Alternatively, one could also make this requirement explicit by changing the inputs to \( \textrm{Eval}\) to be a vector \( (a_0,\dots ,a_k)\in \mathbb {Z}_p^k \) and return whether \( \vec {x} \) lies on the hypersurface defined by \( a_0+\sum _{i=1}^k a_iF_i \). The requirement for solutions \( \hat{F}_i \) could be adapted accordingly.

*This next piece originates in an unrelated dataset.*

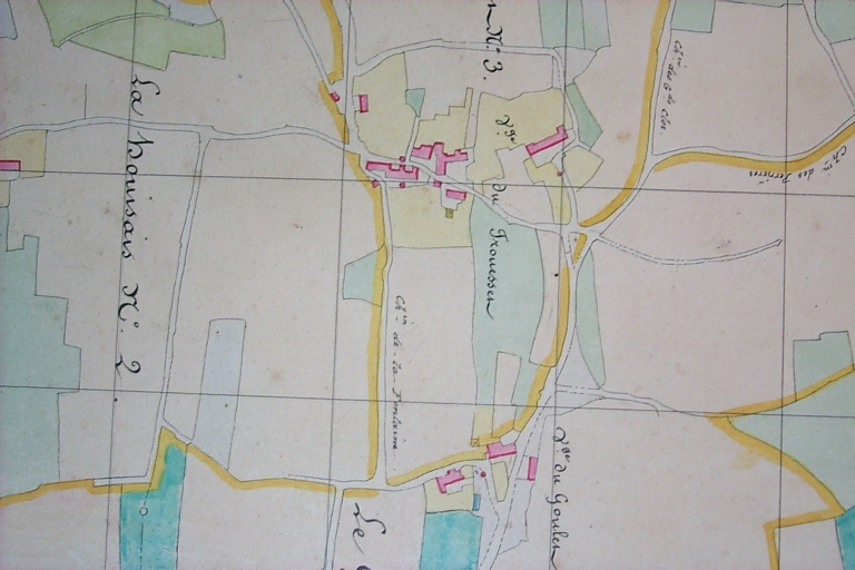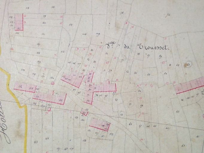 Implanté chaque côté d'une ancienne voie qui devait relier le Bois-Denats à la Roche-Cotherel, le hameau du Trouesset a conservé son tissu originel . cette succession d'alignements aspectés au sud suggère une exploitation partiellement communautaire des terres, selon le système de la frairie fréquente dans le pays de Redon.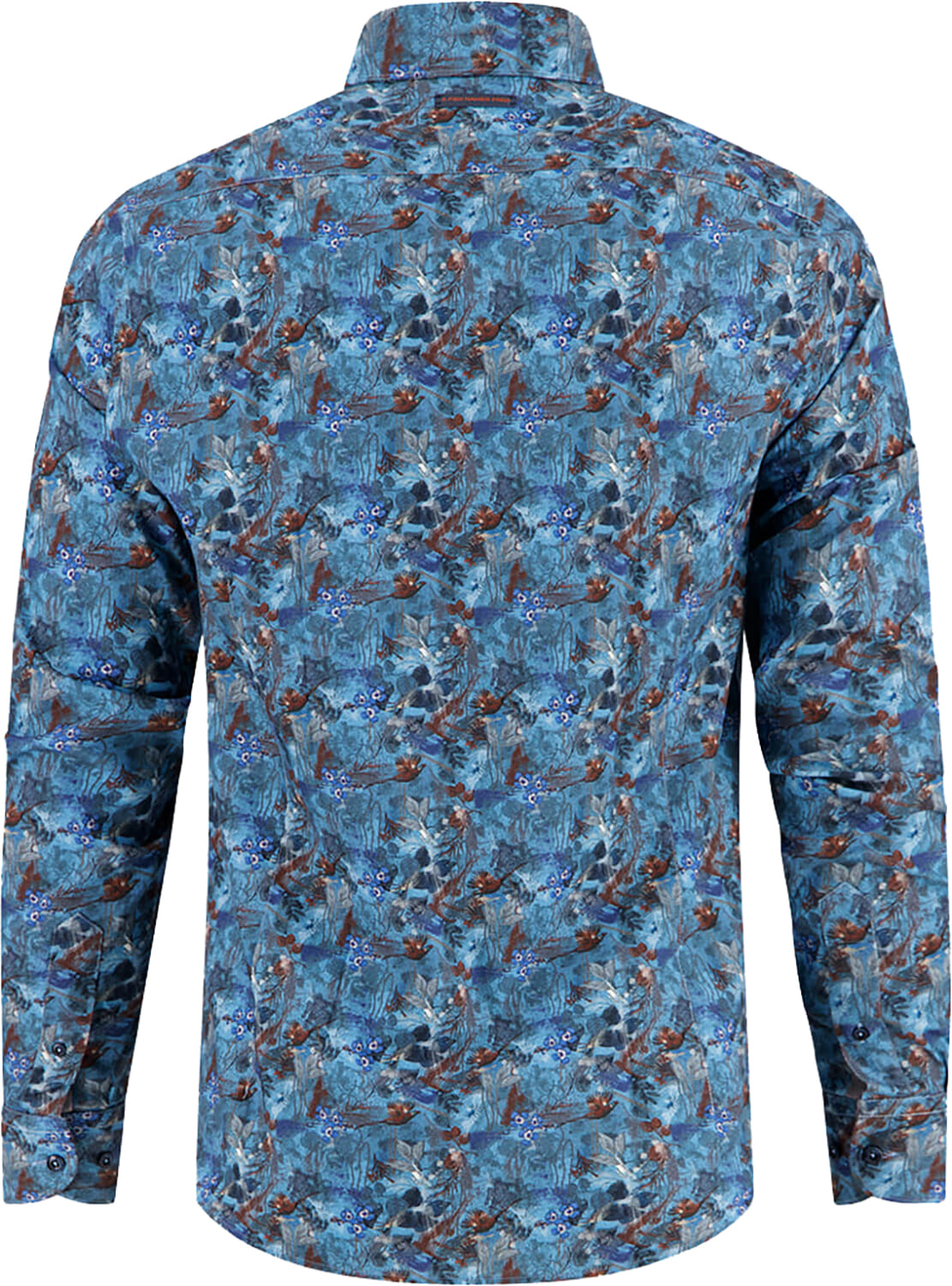 Het overhemd Watercolor Highland van A Fish Named Fred biedt een verfijnde stijl voor elke gelegenheid. Met een opstaande kraag, lange mouwen en een all-over patroon, brengt dit trendy overhemd flair en comfort samen. Ideaal voor de modebewuste man.

As is the case for \( \textrm{Eval}\), oracle \( \textrm{Dec}\) corresponds to evaluating containment in a hypersurface, albeit, one of degree possibly higher than the ones in the linear span of the input polynomials. Thus, one could incorporate \( \textrm{Dec}_{W_i} \) into \( \textrm{Eval}\) by expanding the range of admissible polynomials for the latter from \( \textrm{Span}(1,F_1,\dots ,F_k) \) to also include polynomials of the form \( W_i(F'_1,\dots ,F'_{s_i})\in \mathbb {Z}_p[X_1,\dots ,X_t] \) for \( F'_j\in \textrm{Span}(1,F_1,\dots ,F_k) \). However, we decided to keep the oracles separated in order to have a clearer conceptual distinction between the group-operation oracle and decisional oracles.
We measure the running time of generic algorithms by their query count. So, both sampling from \( \mathcal {R}\) and checking whether \( \sigma \in \mathcal {R}\) need not be efficiently computable. We use this approach for ease of exposition, but point out that these operations can easily be adapted to be done efficiently by sampling \( \mathcal {R}\) on the fly.